Mona Zegaï a, le 20 novembre 2014, dressé quelques pistes pour concrétiser cette campagne nationale, qui pourrait se décliner, par exemple :

- sous forme d'affiches exposées dans les lieux d'accueil de la petite enfance, pour s'adresser aux professionnels et aux parents ;

- sous forme d'articles dans la presse spécialisée (La revue du jouet ou Kazachok ) pour sensibiliser les professionnels à la question de l'égalité ;

- dans le cadre des salons (« Kidexpo » ou « Trad'Expo ») ;

- dans les médias, sous la forme de campagnes humoristiques destinées au grand public.

Par ailleurs, la mallette des parents, remise à la rentrée, pourrait constituer un support d'information et de sensibilisation à ces questions, à l'image des « kits d'information » proposés dans le cadre de la lutte contre l'hypersexualisation des enfants.

En tout état de cause, il reviendrait à la puissance publique (plus particulièrement au ministère chargé des Droits des femmes) de piloter la campagne au niveau national.

L'objectif est de montrer l'influence des jouets sur la préparation des enfants à vivre ensemble dans un monde d'égalité entre les femmes et les hommes.

e) Dixième recommandation : mettre à l'étude l'application au secteur des jeux et jouets des principes de l'économie circulaire et de l'économie sociale et solidaire

Un million de jouets présentés tous les ans au salon de Nuremberg, dont un jouet sur deux est nouveau, et un nombre impressionnant de jouets qui s'échangent chaque année sur le site « leboncoin.fr » 30 ( * ) : le jouet favorise l'hyperconsommation, voire le gaspillage, dans le monde occidental qui contraste avec le dénuement de nombreux enfants, partout dans le monde.

C'est la raison pour laquelle certains membres de la délégation se sont interrogés sur la possibilité de réutiliser ces jouets ou de permettre aux enfants moins gâtés de les recevoir, à partir de circuits économiques parallèles basés sur l'échange ou la réactualisation des produits.

En France, ces circuits économiques existent.

L'économie circulaire, en premier lieu, se veut « écologiquement vertueuse » et promeut un système économique et industriel sobre en carbone, en énergie et en ressources naturelles qui favorise le recyclage au meilleur coût.

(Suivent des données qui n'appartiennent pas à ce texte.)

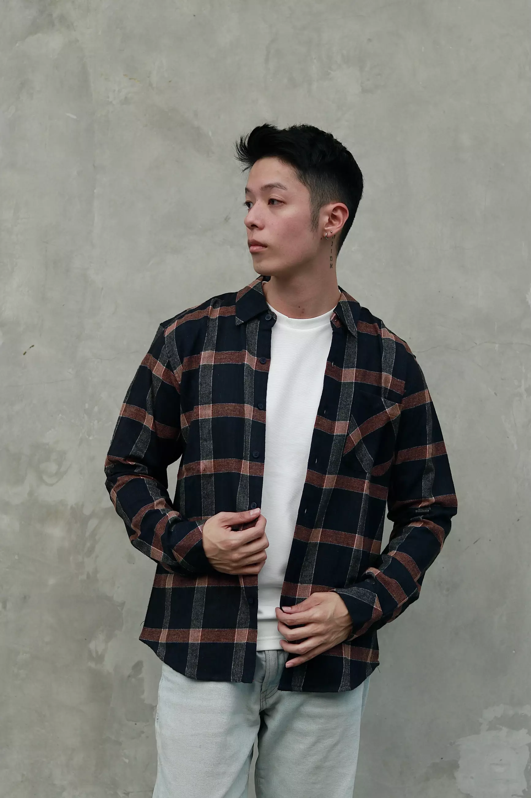 Kale Kenley Brown/Kemeja Flanel Pria Lengan Panjang

L'économie sociale et solidaire, en second lieu, regroupe les organisations privées ou publiques (entreprises, coopératives, associations, mutuelles ou fondations) qui cherchent à concilier activité économique et utilité sociale. Ce secteur représentait en 2011 près de 10 % des emplois en France.

Sur la suggestion de Corinne Bouchoux, la délégation souhaite qu'une étude puisse être diligentée sur l'application au secteur des jeux et jouets des principes de l'économie circulaire et de l'économie sociale et solidaire.


* 26 Cité par le site The Local.

* 27 Mona Zegaï, op. cit.

* 28 Cofondé par la fondatrice et ancienne porte-parole d'Osez le féminisme, Caroline de Haas, « Macholand.fr » invite les internautes à dénoncer les propos sexistes qu'ils relèvent à la radio, à la télévision, dans les journaux ou dans leur environnement quotidien.

En savoir plus sur : www.lexpress.fr/actualite/medias/macholand-fr-le-site-anti-machos_1611411.html#hFs78WVHeho7IvuA.994

* 29 Rapport sur l'égalité entre les filles et les garçons dans les modes d'accueil de la petite enfance, remis par Brigitte Grésy et Philippe Georges en décembre 2012.

* 30 Selon Michel Maggio, auditionné le 20 novembre 2014, il serait publié chaque année sur ce site un million d'annonces concernant des jouets.